Source records

**********

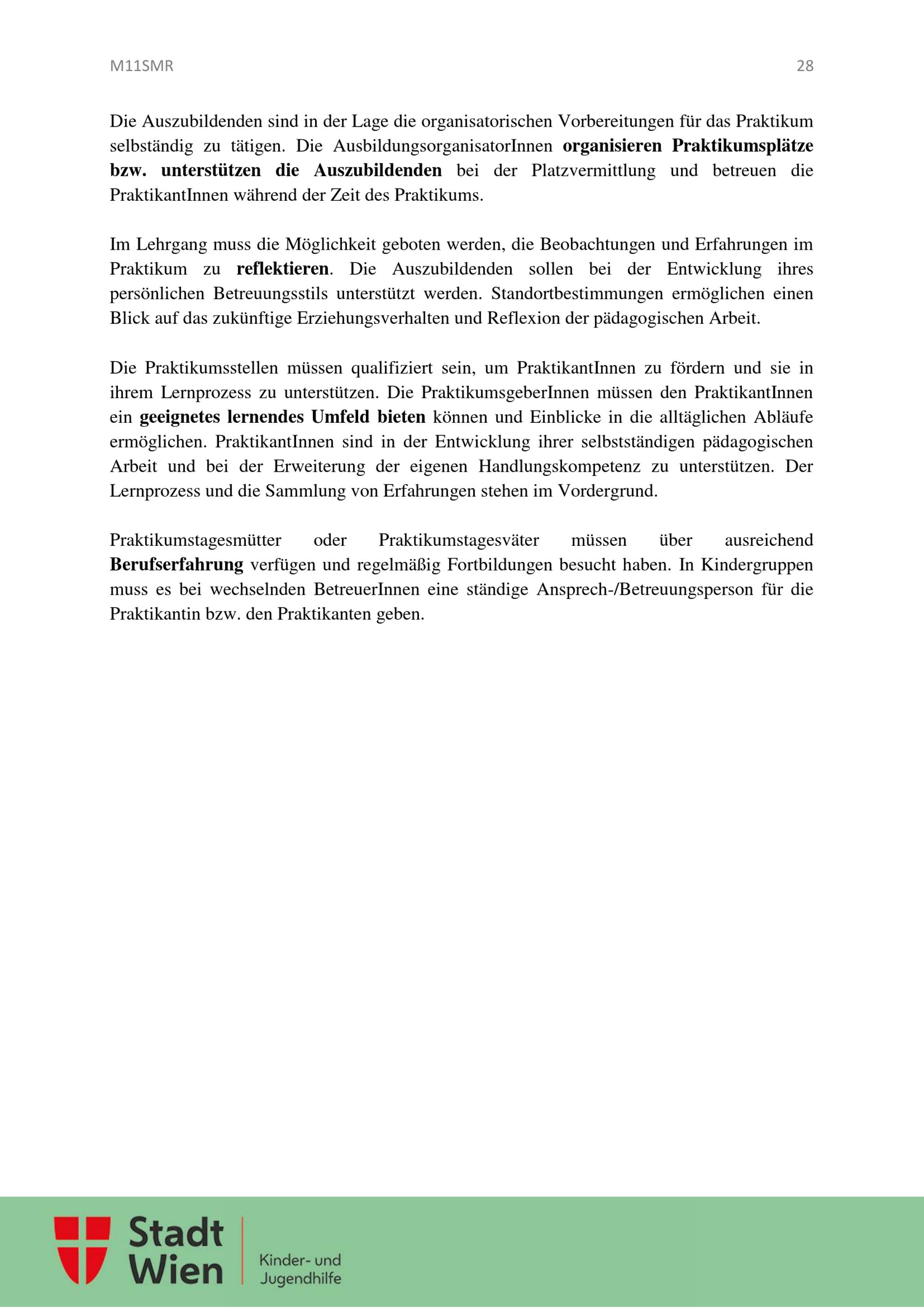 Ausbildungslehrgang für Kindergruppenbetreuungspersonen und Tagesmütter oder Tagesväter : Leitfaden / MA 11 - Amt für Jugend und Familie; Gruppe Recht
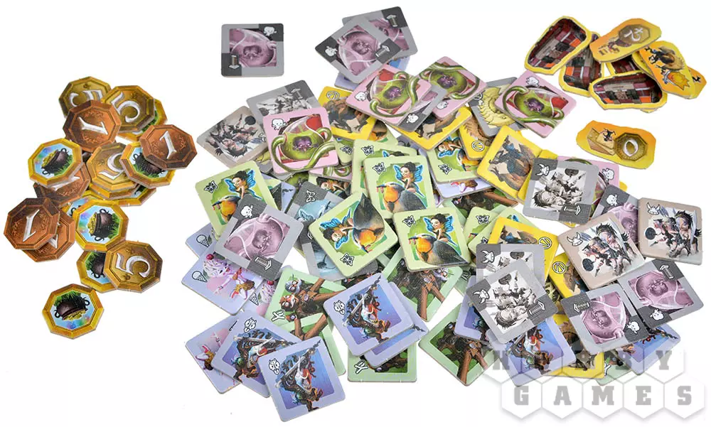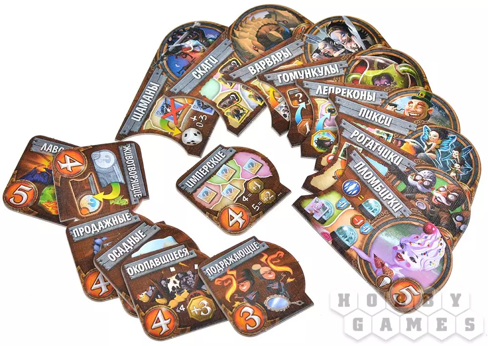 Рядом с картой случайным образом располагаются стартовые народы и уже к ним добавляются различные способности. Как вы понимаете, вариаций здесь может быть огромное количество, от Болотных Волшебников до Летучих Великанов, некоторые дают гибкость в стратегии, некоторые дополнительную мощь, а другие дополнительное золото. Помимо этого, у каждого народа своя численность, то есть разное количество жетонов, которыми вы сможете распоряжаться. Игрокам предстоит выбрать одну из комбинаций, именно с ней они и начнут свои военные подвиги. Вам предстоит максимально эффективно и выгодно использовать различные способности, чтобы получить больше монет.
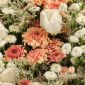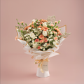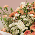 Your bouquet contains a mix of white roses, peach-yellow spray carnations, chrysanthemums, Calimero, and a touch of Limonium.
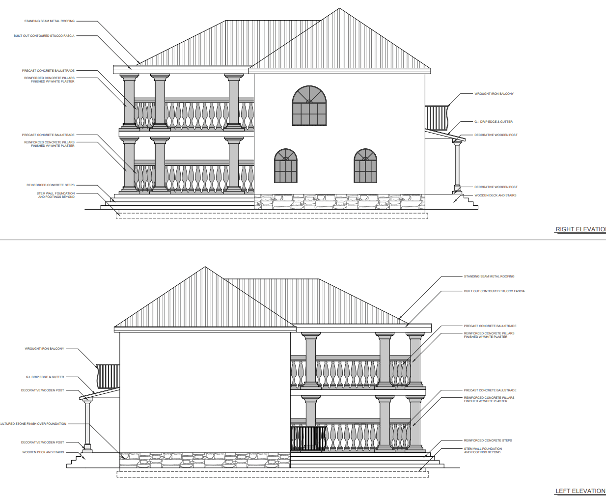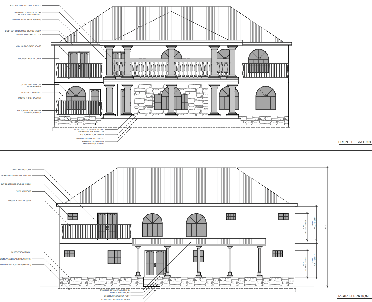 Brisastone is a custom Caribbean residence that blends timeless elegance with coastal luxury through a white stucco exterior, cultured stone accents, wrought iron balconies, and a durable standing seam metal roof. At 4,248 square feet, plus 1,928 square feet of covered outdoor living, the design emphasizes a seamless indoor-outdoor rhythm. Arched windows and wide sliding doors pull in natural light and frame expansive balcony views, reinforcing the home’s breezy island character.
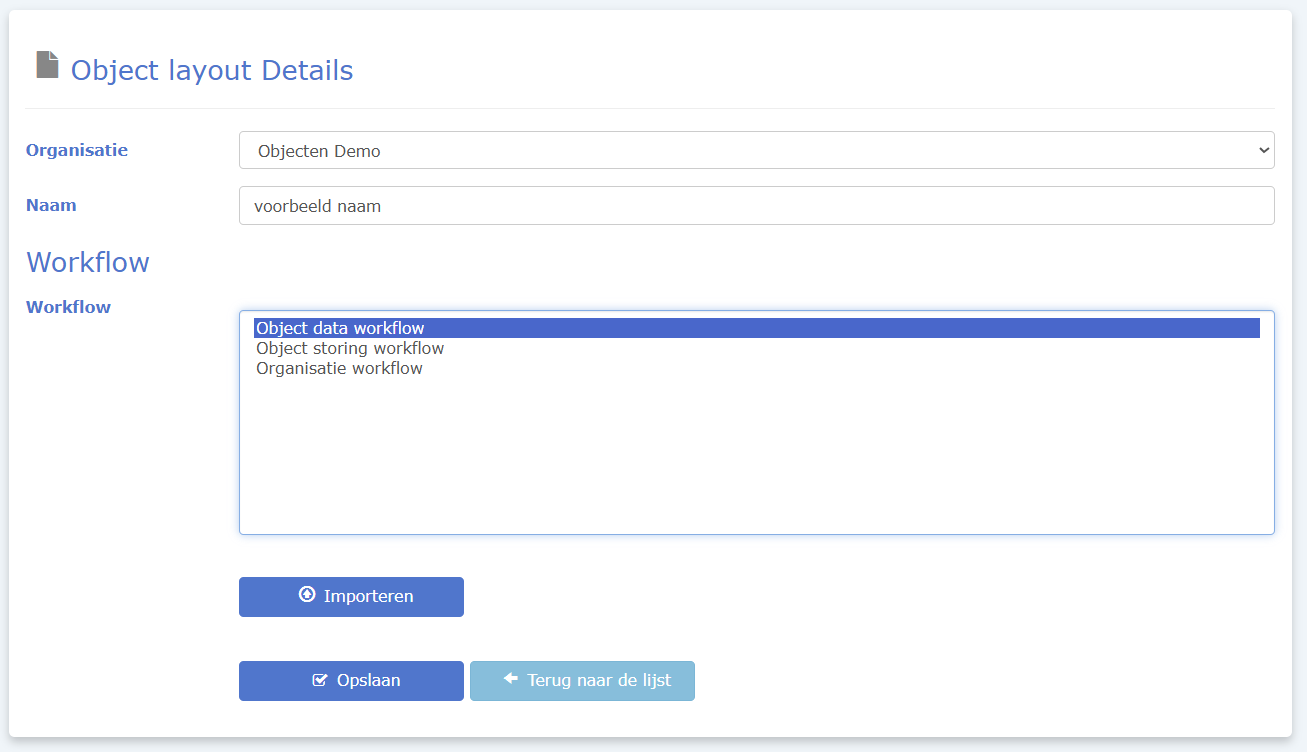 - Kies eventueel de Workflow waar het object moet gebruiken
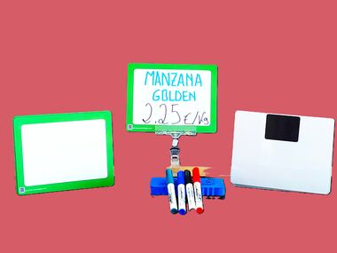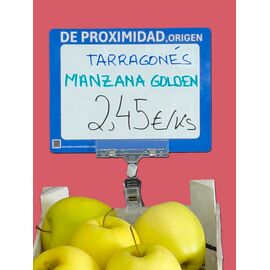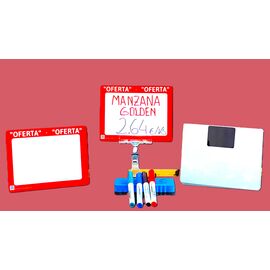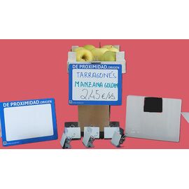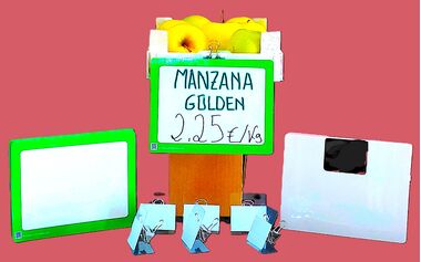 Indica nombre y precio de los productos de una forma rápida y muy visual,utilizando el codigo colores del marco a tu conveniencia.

**********

*What is needed*. Leave out the pictures, then give all the records again exactly.

*Output below*.
 Ausbildungslehrgang für Kindergruppenbetreuungspersonen und Tagesmütter oder Tagesväter : Leitfaden / MA 11 - Amt für Jugend und Familie; Gruppe Recht
 Рядом с картой случайным образом располагаются стартовые народы и уже к ним добавляются различные способности. Как вы понимаете, вариаций здесь может быть огромное количество, от Болотных Волшебников до Летучих Великанов, некоторые дают гибкость в стратегии, некоторые дополнительную мощь, а другие дополнительное золото. Помимо этого, у каждого народа своя численность, то есть разное количество жетонов, которыми вы сможете распоряжаться. Игрокам предстоит выбрать одну из комбинаций, именно с ней они и начнут свои военные подвиги. Вам предстоит максимально эффективно и выгодно использовать различные способности, чтобы получить больше монет.
 Your bouquet contains a mix of white roses, peach-yellow spray carnations, chrysanthemums, Calimero, and a touch of Limonium.
 Brisastone is a custom Caribbean residence that blends timeless elegance with coastal luxury through a white stucco exterior, cultured stone accents, wrought iron balconies, and a durable standing seam metal roof. At 4,248 square feet, plus 1,928 square feet of covered outdoor living, the design emphasizes a seamless indoor-outdoor rhythm. Arched windows and wide sliding doors pull in natural light and frame expansive balcony views, reinforcing the home’s breezy island character.
 - Kies eventueel de Workflow waar het object moet gebruiken
 Indica nombre y precio de los productos de una forma rápida y muy visual,utilizando el codigo colores del marco a tu conveniencia.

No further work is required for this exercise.